The garrison commander raised his hand and pointed toward the procession.
“Bring the wounded inside first. Work with their physician and immediately prepare a place for them to rest.”
“Provide a separate place to lay the dead,”
“and prepare temporary quarters for the members of the envoy.”
He paused for a beat,
then added in an even lower voice,
“However, the formal report and personnel confirmation must all be completed.”
“Whether tonight or tomorrow morning.”
“I trust you understand that.”
Raymond replied,
“Of course. We will comply with procedures befitting the situation.”
The garrison commander’s gaze briefly brushed past Miryeong.
Then it lingered once more on the wagon where Bido lay.
But he asked nothing further.
At least here and now, pressing for more did not seem to be his priority.
“Very well.
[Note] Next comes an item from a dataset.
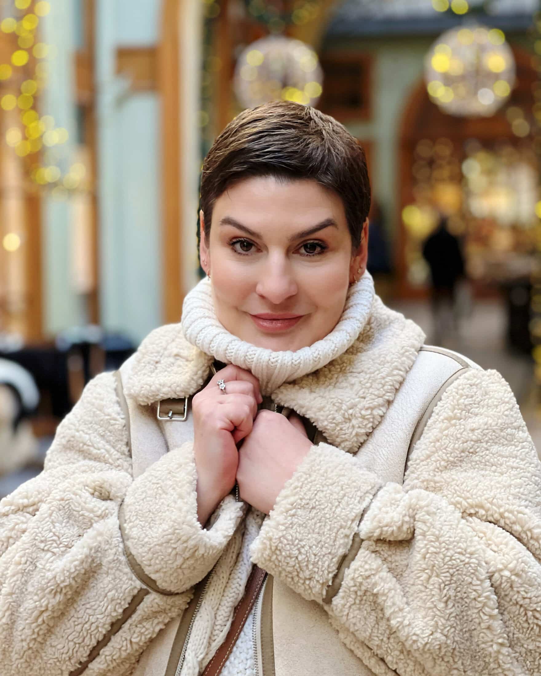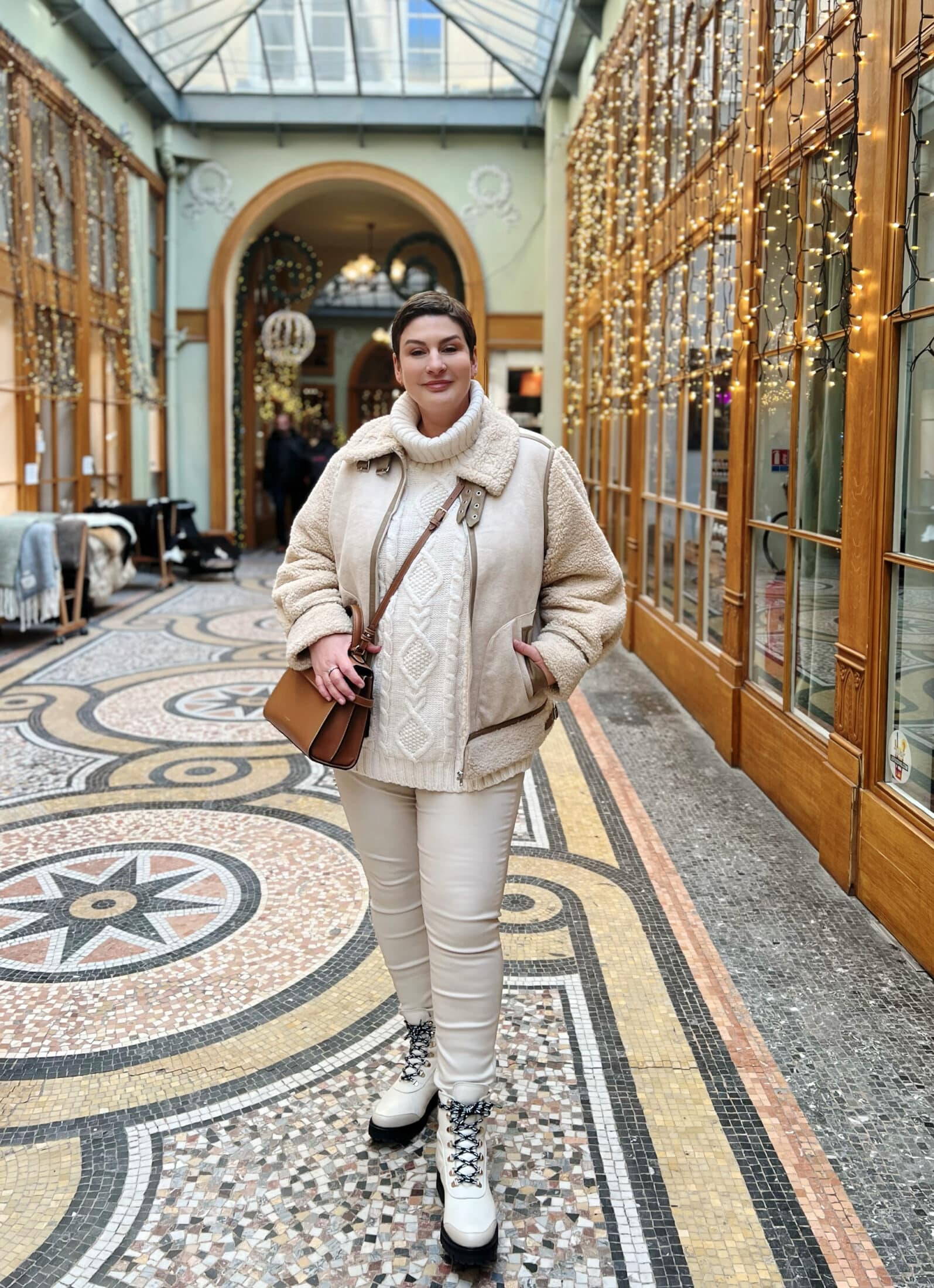 Je suis assez d’accord avec l’idée de ‘déguisement’ ou de personnage soit parce qu’on essaie de « créer » quelque chose qu’on aime , soit – c’est plus conformiste mais tellement quotidien- pour se conformer à l’occasion ou aux personnes qu’on va rencontrer. L’esthétique ‘ski chic’ , pourquoi pas -sans le ski, no sport please- . Surtout la ‘veste doudou’ qui a l’air trop réconfortante. C’est vrai que ces couleurs claires te vont merveilleusement bien (pour le coup ce ne sont pas mes couleurs car trop pâles pour moi, enfin je trouve ..) et cet endroit … il faut vraiment que je retourne Galerie Vivienne!

Then inside.”
Beyond the slowly opening border gate, torchlight stretched in a long line.
For the first time in days,
the envoy was able to enter within a proper perimeter.
But even as the gate opened, Miryeong did not relax the tension in her shoulders.
Courtesy had begun,
but the need for vigilance had not ended.
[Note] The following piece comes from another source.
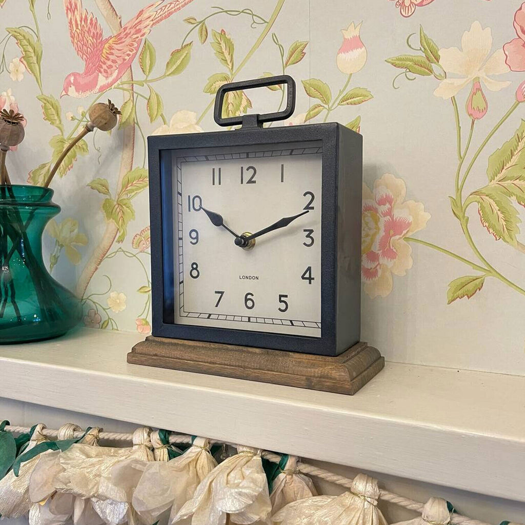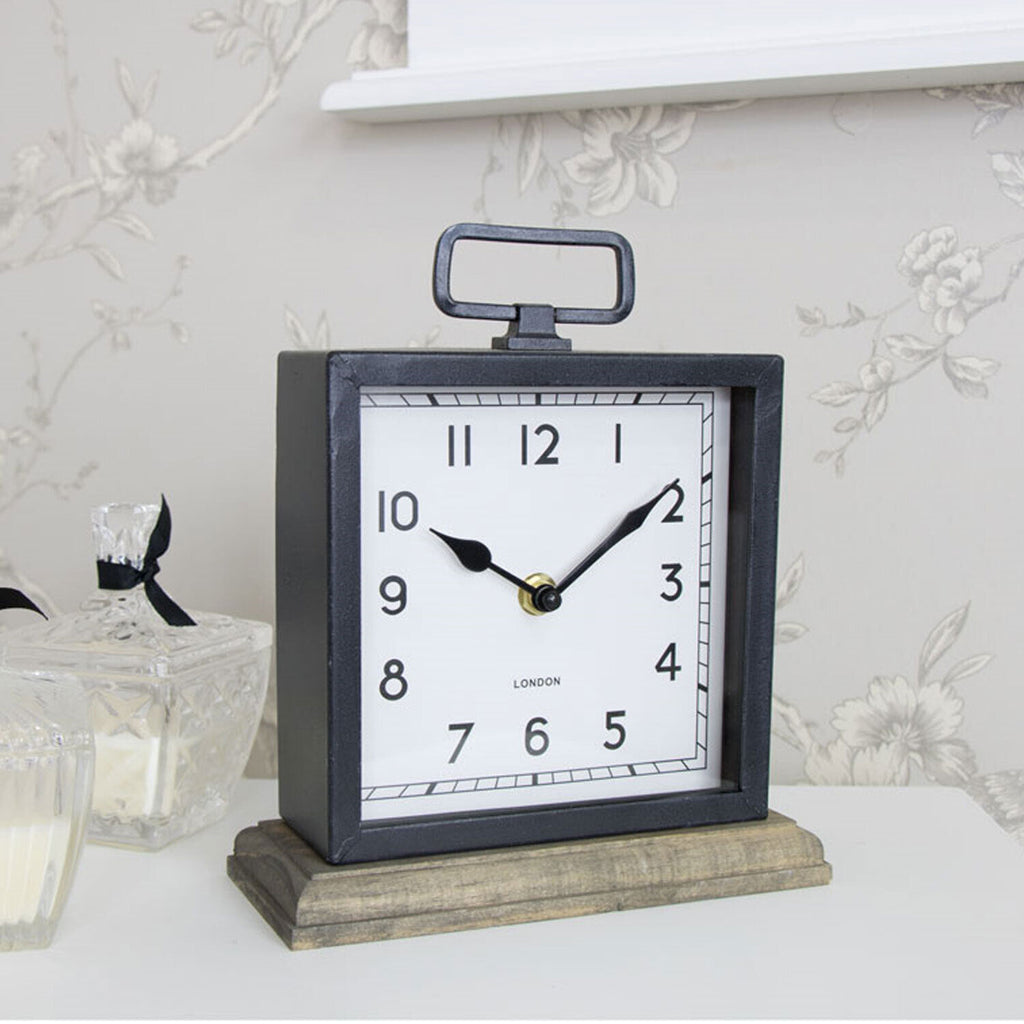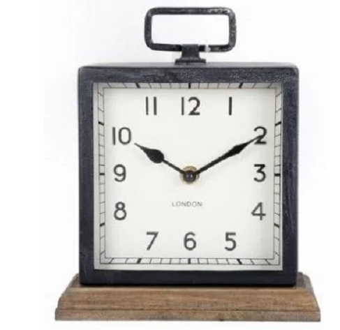 Manufactured from Metal with a black frame around the face, standing on a wooden base, this clock is sure to add a modern touch to any home or office decor.

What followed moved quickly.
The border gate that had been firmly shut opened completely,
and the envoy’s procession slowly entered under the guidance of the garrison.
Torches lined the way ahead,
and the blue oxen, exhausted from the long journey, breathed low as they pulled the heavy wheels again.
As soon as they entered, people’s movements split into two, then three groups.
The wagon carrying the dead was quietly led in another direction,
and the members of the envoy were guided to temporary quarters and places where they could rest.
Raymond and the scribe immediately remained with the garrison’s personnel and began organizing the records and report.
The wounded were moved first.
As at the inn, stretchers were carefully carried once more,
and the physician did not take his eyes off them for even an instant.
Bido, too, was moved with the other wounded to a separately prepared building.
Every time they crossed a threshold or turned down a corridor, the inside of his chest throbbed,
but Bido bit his lip so that not even a groan could escape.
Unfamiliar ceilings and unfamiliar lights passed above his head.
The air, mixed with the smell of medicinal herbs and boiling water, drew closer.
He heard someone approaching the stretcher and briefly asking about his condition,
and unfamiliar hands were busily making a place for him.
They seemed to be people from Carmen,
but Bido could not fully open his eyes and only faintly sensed their presence.
Miryeong followed until the moment the stretcher disappeared inside,
and only stopped when the physician gave her a brief warning.
“From here on, the more hands there are, the more they will get in the way.”
Miryeong stood there for a moment without saying anything.
Beyond the closing door, Bido’s stretcher was carried farther inside,
and someone’s low voice could be heard calling for supplies.
Only then did she slowly withdraw her hand.
Meanwhile, outside, the work was still not finished.
While the garrison decided where to lay the dead,
divided the envoy’s personnel so they could rest,
and Raymond continued his late report face-to-face with the border garrison commander, the night deepened little by little.
At the end of the long journey, they had finally crossed the border,
but that did not mean everything was over.
Still, at least for tonight,
they were no longer on the road.
Bido very slowly opened his eyes one last time.
Beyond his blurred vision, he saw an unfamiliar ceiling and the tilted light of a lamp.
And as though blocking that light,
someone quietly approached and looked down at Bido’s wound.
It was a face he did not recognize.
“This child first, then.”
A low, calm voice sounded nearby.
Bido closed his eyes again before he could hear the rest.
And so,
the night on the road came to an end, and their first night in Carmen was beginning.